Part of the problem, apparently, was that Santiago had earlier submitted an incorrectly filled out HHS “Statement of Employer” form. In April, 1984, Mr. and Mrs. Rodriguez and Santiago, neither of whom speak English as a first language, together tried to fill out the form that Santiago had obtained from the Social Security Administration. They did so incorrectly, for instance, by checking boxes for quarters paid but leaving blank how much was paid. When Santiago tried to file the form with Social Security, it was rejected.

Their second try at the form, in June, 1984, was not much better. The earnings for one of the years was left off entirely, and an entry in one line was moved to another with an arrow. Finally, on June 18, 1984, Mrs. Rodriguez and Santiago went to the Social Security administration together and sat down with a Spanish-speaking employee who filled out the form on the basis of their representation that Santiago was paid $20 a week for her services for eight quarters (July 1, 1965 to June 30, 1967). The employee calculated Santiago’s quarterly earnings at $240, even though at $20 per week they should be $260, or an annual salary of $1,040.

In August, 1984, Santiago filed a request for reconsideration, which was also denied.

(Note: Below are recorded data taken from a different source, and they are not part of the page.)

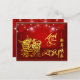Chinese lanterns with fireworks as background with golden paper-cut of an cute ox + large golden 2021, golden Year of the Ox, greeting "Happy New Year" in Chinese and yellow Ox ideogram. Design on horizontal basic postcard with dark red background + same background in back. Matching greeting card, holiday postcard, invitation, craft supplies, party supplies and more... Perfect for a joyful Chinese New Year of the Ox 2021.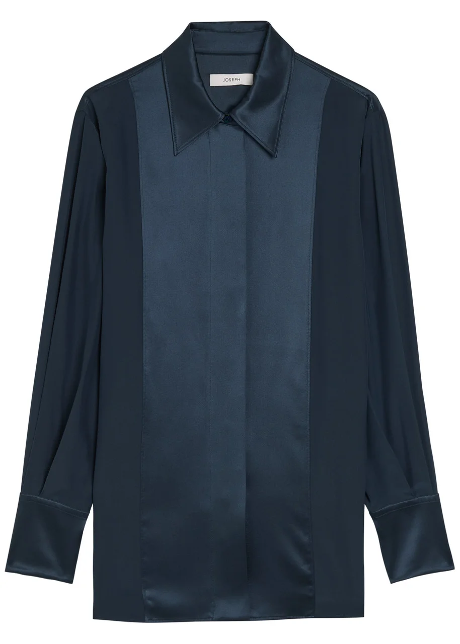 Info & Care Joseph silk blouse Panelled, button-fastening cuffs, wide box pleat at back Partially concealed button fastenings through front 100% silk Hand wash Size & Fit Length shoulder to hem: 28 inches/ 71cm Midweight Loose fit Model is 5'8"/ 173cm and wears a size;FR36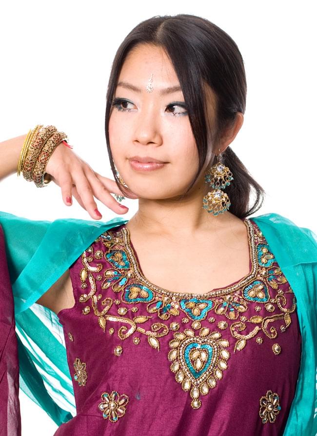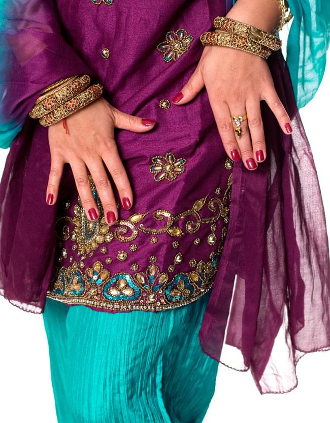 またの名を「サルワール・カミーズ」とも呼ばれる、南アジアの民族衣装です。シャツを意味する「カミーズ」、ズボンを意味する「サルワール」、「ドゥパッタ」と呼ばれるショールの3点セットで着用します。3点セットなので、お色味もコーディネートされていてとても統一感があります。インドでは、サリーに比べると若年層が愛用しているというイメージでしょうか。デザインもパンツなので動きやすくスタイリッシュなデザインとなっています。■スパンコールやビーズ、刺繍で華やか

In explaining the denial, the Determination dated October 31,1984, implied that Santiago had Rodriguez pay the back taxes as part of a scam: “It was indicated that [Mrs. Santiago] had Mrs. Rodgriguez [sic] pay the back taxes because she wanted a fully insured status. [Santiago] had wanted to leave the country and needed income. She knew she couldn’t collect supplemental security income (SSI) when out of the country.” The “Determination” contains no reference to any evidence in support of the allegation that Santiago planned to leave the country, and none appears elsewhere in the record.

Santiago requested a hearing before an Administrative Law Judge (“ALJ”), which was held on July 30,1985.